The Minnesota House wants to establish a new surveillance program — a state database for monitoring and conducting research on Minnesotans with long COVID.
Two years after Minnesota’s first COVID case, we’ve learned a significant amount about COVID-19. However, there is still disagreement regarding how to treat COVID patients and survivors. Within the 456 pages of HF 4706, the House health care omnibus bill (now also labeled as SF 4410 due to conference committee procedures), the only references to “treatment” for COVID-19 are tests, masks, and respirators. Lifesaving, effective, early treatment is not required.
Instead, the bill establishes a registry to track individuals with long COVID, which is defined in the bill as symptoms lasting longer than four weeks post infection. However, definitions vary. The World Health Organization defines long COVID as “usually 3 months from the onset of COVID-19 with symptoms that last for at least 2 months.” The bill’s shorter definition means most Minnesotans with COVID may be placed in the monitoring system.
This surveillance program would likely become a permanent fixture if passed into law this year. According to the bill authored by Rep. Tina Liebling, the program will monitor trends, target intervention, inform health professionals about risks and treatment, and promote high quality research regarding long COVID. Patient consent would not be required, violating Minnesotans’ constitutional right to privacy.
The Minnesota Department of Health (MDH) would partner with health care professionals and community members — including schools and employers — to identify those with long COVID and determine methods to monitor them. These individuals would become part of a statewide medical study whether they want to or not. Already, the University of Minnesota and the Mayo Clinic are contributing de-identified patient data to the “federal database of electronic health records” called the National COVID Cohort Collaborative (N3C), described as “one of the largest sources of real-world data on long COVID.” Patient consent is not required; a data use agreement is.
Funding for this program would likely come from the two-year, $900 million grant provided to MDH by the Centers for Disease Control and Prevention (CDC), which may be part of the federally-funded $1.15 billion RECOVER Initiative (formerly Post-Acute Sequelae of SARS-CoV-2 Infection (PASC) Initiative) to conduct long COVID research. The MDH website says the expansion of its long COVID program is “an extension of the pandemic response and recovery efforts,” adding that it “may expand these efforts as more resources become available.”
The registry is not yet moving forward in the Minnesota Senate. However, Sen. Scott Dibble publicly asked GOP Sens. Jim Abeler and Paul Utke to amend their combined Senate health care omnibus bill to address long COVID, perhaps because DFL Sen. Lindsey Port is struggling with long COVID.
Citizens should question this misplaced focus on after-the-fact surveillance and research. Why not prevent long COVID by assuring timely access to early treatments? Why not support access to the repurposed drugs that have cured many COVID and long COVID patients? Why wait for answers from research when there are answers and effective treatment options today?
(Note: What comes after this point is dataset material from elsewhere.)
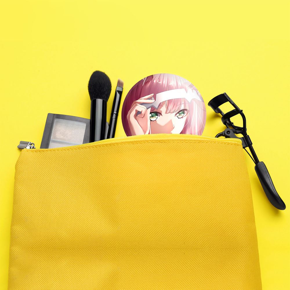 آینه های جیبی زیروتو انیمه دارلینگ در فرنکس خندالو دایره ای به قطر 7.5 سانتی متر می باشد که نه خیلی بزرگ و غیر قابل استفاده در کیف آرایشی ست و نه خیلی کوچک که تصویر خاصی در آن مشاهده نشود. سایزی استاندارد و کارآمد دارد و مناسب قرار گیری در کیف لوازم آرایش و کیف های کوچک دستی نیز هست. بدنه ی آینه جیبی زیروتو انیمه دارلینگ در فرنکس در قسمتی که آینه را در بر گرفته فلزی بوده و ظاهر براق و بسیار زیبایی دارد. چاپ طرح در پشت آینه بوسیله چاپگرهای دیجیتال شش رنگ با شفافیت و کیفیتی مثال زدنی انجام گرفته و با روکش لمینت حرارتی پوشیده شده که در مقابل آسیب و خط و خش مقاوم بوده و کیفیت بالایی دارد. آینه های جیبی زیروتو انیمه دارلینگ در فرنکس خندالو با تنوع طرحی بسیار بالا، سلیقه هر نوع مخاطبی را تامین میکند.

If a person with long COVID wishes to participate in research, they should be able to do so through a consent process. Those with lingering struggles from the virus should not be used to justify government surveillance. They should not be automatically placed into a government research project just because they have a disease of interest. Nor should physicians be required to report their patient’s illness and treatment without the patient’s explicit consent.
This proposed infringement is especially frustrating because most long COVID need not occur. As California’s Dr. MoBeen Syed, MD, says, “If the management is done early and aggressively, long-COVIDs don’t happen.” However, the government has essentially shut down early treatment options, and under the proposed House bill, the government’s focus remains fixated on tracking COVID patients instead of treating them.
Policymakers should look at the realities of long COVID and demand ready access to early and aggressive treatment for the initial disease. It’s time to reduce the number of long COVID patients, not study them.
Natasha Chernyavsky
Natasha Chernyavsky is a legislative and policy specialist for Citizens' Council for Health Freedom.